[Exercise directions] The answer is the full listing below, copied exactly, with its pictures omitted.

Material provided section start

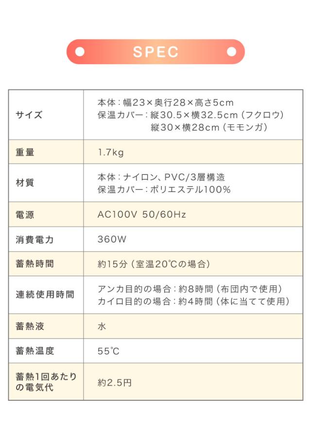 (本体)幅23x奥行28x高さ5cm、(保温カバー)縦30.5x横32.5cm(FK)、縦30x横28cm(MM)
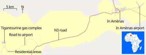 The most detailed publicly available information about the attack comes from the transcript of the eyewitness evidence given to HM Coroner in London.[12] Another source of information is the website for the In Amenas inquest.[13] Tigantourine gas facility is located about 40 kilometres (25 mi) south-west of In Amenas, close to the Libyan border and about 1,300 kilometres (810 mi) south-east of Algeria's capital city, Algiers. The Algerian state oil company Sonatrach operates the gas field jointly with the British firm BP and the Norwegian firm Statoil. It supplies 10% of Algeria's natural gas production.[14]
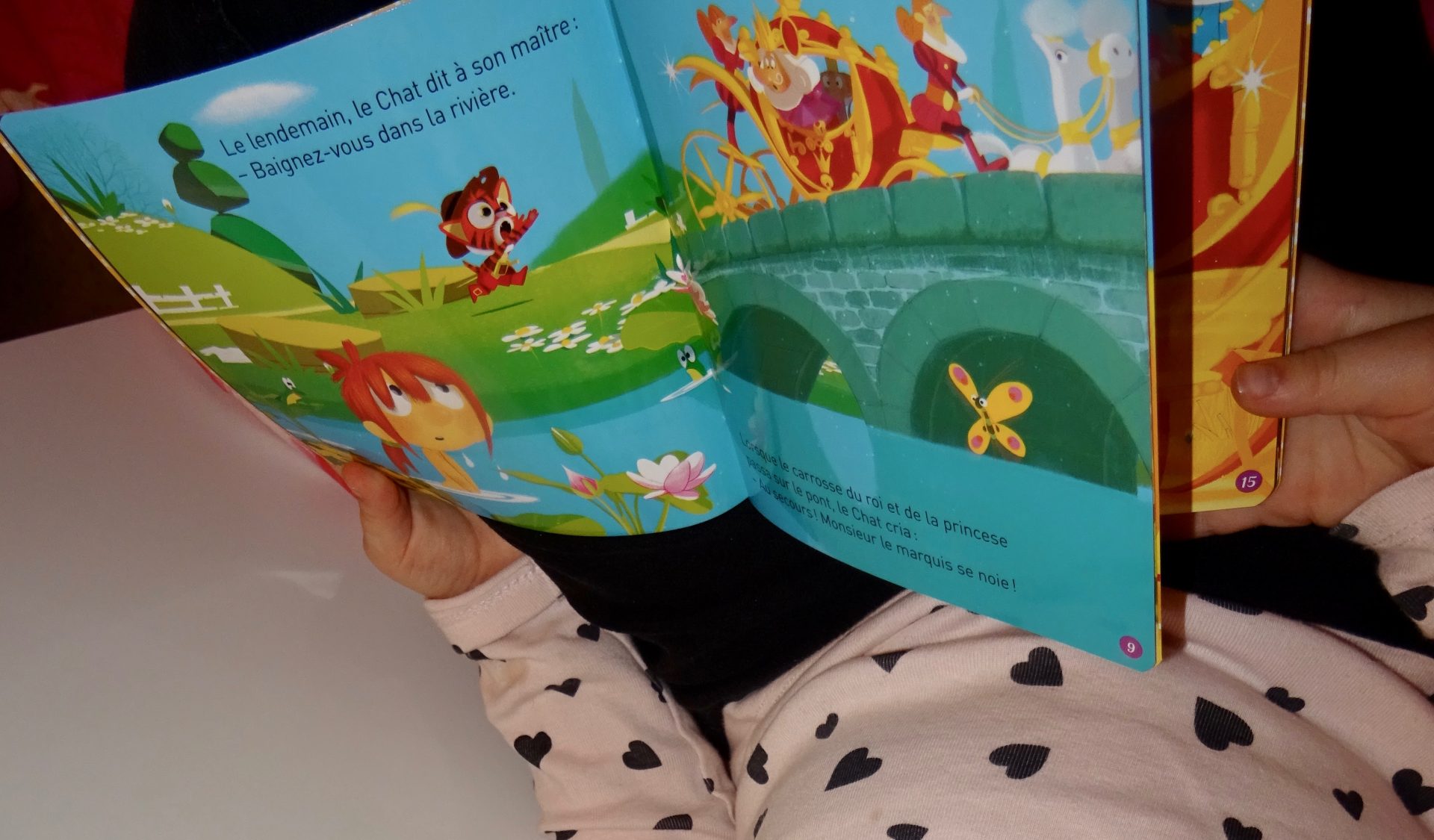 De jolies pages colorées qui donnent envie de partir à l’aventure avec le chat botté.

Material provided section end

[Exercise response]
 (本体)幅23x奥行28x高さ5cm、(保温カバー)縦30.5x横32.5cm(FK)、縦30x横28cm(MM)
 The most detailed publicly available information about the attack comes from the transcript of the eyewitness evidence given to HM Coroner in London.[12] Another source of information is the website for the In Amenas inquest.[13] Tigantourine gas facility is located about 40 kilometres (25 mi) south-west of In Amenas, close to the Libyan border and about 1,300 kilometres (810 mi) south-east of Algeria's capital city, Algiers. The Algerian state oil company Sonatrach operates the gas field jointly with the British firm BP and the Norwegian firm Statoil. It supplies 10% of Algeria's natural gas production.[14]
 De jolies pages colorées qui donnent envie de partir à l’aventure avec le chat botté.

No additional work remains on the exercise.